After selection, the reports were examined for useful KPIs. Every KPI identified was extracted
and inserted into a matrix as shown in Figure 4.1. Using this matrix allowed for easy
visualization of the prevalence of KPIs. Every KPI related to vulnerabilities that was found in the
report was inserted into the matrix. Many reports used slightly different KPIs, so similar ones
were grouped together or generalized. This also involved considering if they would be possible
to extract from the available. This was done for example with reports dealing with different
datasets or timelines. The KPIs were then filtered based on prevalence, and a KPI had to have
occurred at least four times to be selected. The result was a collection of general KPIs in a
condensed matrix.
10
When working with the KPIs we need to avoid absolutes. Such numbers could present problems
during the statistical analysis. The report should present data where comparisons are possible.
One example is that while identifying trends, the absolute amounts of data could differ between
times. This is especially true since the dataset originates from Outposts scans. This means scan
frequency from customers may skew statistics. Instead, focus will be on relative amounts and the
KPIs will be converted to such. Using averages and percentages allows for comparisons between
different markets and points in time. All the reports used in the background study are noted in
Table 3.2.
3.2.1 Tools
To perform statistical analysis, we utilized programming and develop custom tools. The
language chosen was Python 3. Both authors had some experience with the language and
Outpost24 also had expertise in it. Using a language that is also used within the company allows
for them to improve and continue development in the future. Python also has access to various
plot-generating tools, such as matplotlib and plotly, to visualize data. There are also tools for
structuring and managing data, with versatile and high-level list functionality or data analysis
libraries like Python Data Analysis Library (pandas).
3.2.2 Dataset
Outpost24 has provided the dataset that this study is based on.

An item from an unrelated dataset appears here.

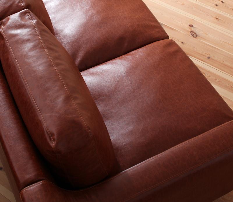 フェイクレザーでヴィンテージ加工が施されたソファ。買ってすぐに、長年使い込まれた風合いを感じられます。堅すぎず、柔らかすぎない座り心地。くつろぎのスペースを作り出します。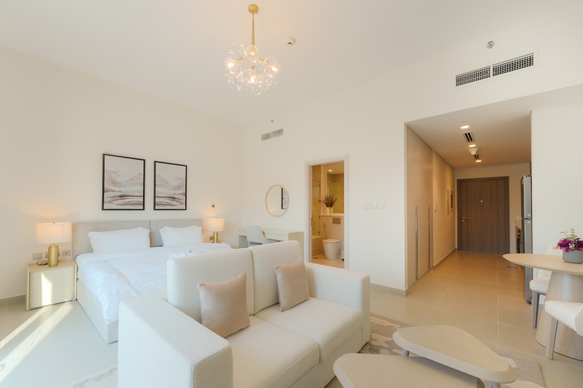 Stylish Private Studio in the Best location of Yas Island. Steps from Yas Island’s top attractions - perfect for solo travelers, couples, or business guests seeking comfort, style, and convenience. 2 min to Ferrari World by car 5 min walk to SeaWorld 3 km to Yas Mall 6 km to Formula-1 Circuit 6 km to Abu Dhabi International Airport Fully equipped kitchen High-speed Wi-Fi and Smart TV Premium linens, towels, and amenities for a luxury stay Parking on request Permit No: PER240004

The data consists of records from
Outposts network scanner OUTSCAN™. OUTSCAN™ is an automated security scanner that
scans external computer networks and identifies security vulnerabilities. Over time, Outpost24
have gathered a large amount of data from this program, consisting of many million entries. The
timeline of these entries can sometimes be over ten years old. To set the scope of this study,
general analysis will use data up to ten years back (2006). More detailed analysis will only use
data up to five years back (2011). The aim is to focus the study towards recent years while still
allowing comparisons to past situations.
OUTSCAN™ can identify vulnerabilities and then compile useful information about it, by using
both public databases and internal expertise. Each identified vulnerability is accompanied by this
information. The vulnerability information used in this study is presented in Table 3.3.
Datafield
Target Product
Target Platform
Time and Date
Age
CVE-ID
CVSS
Table 3.3 Vulnerability information fields describing the available data.
11
Outside of these specific fields, the data had a lot to do with numbers grouped by time. To make
it possible to generate reports for specific time periods, data was extracted for every month. For
each month, entries were then grouped by indexes, such as CVE-ID or Target Product, to
retrieve the total number of findings for that index and period. This meant that the data
incorporating the indexes and their information, for each month.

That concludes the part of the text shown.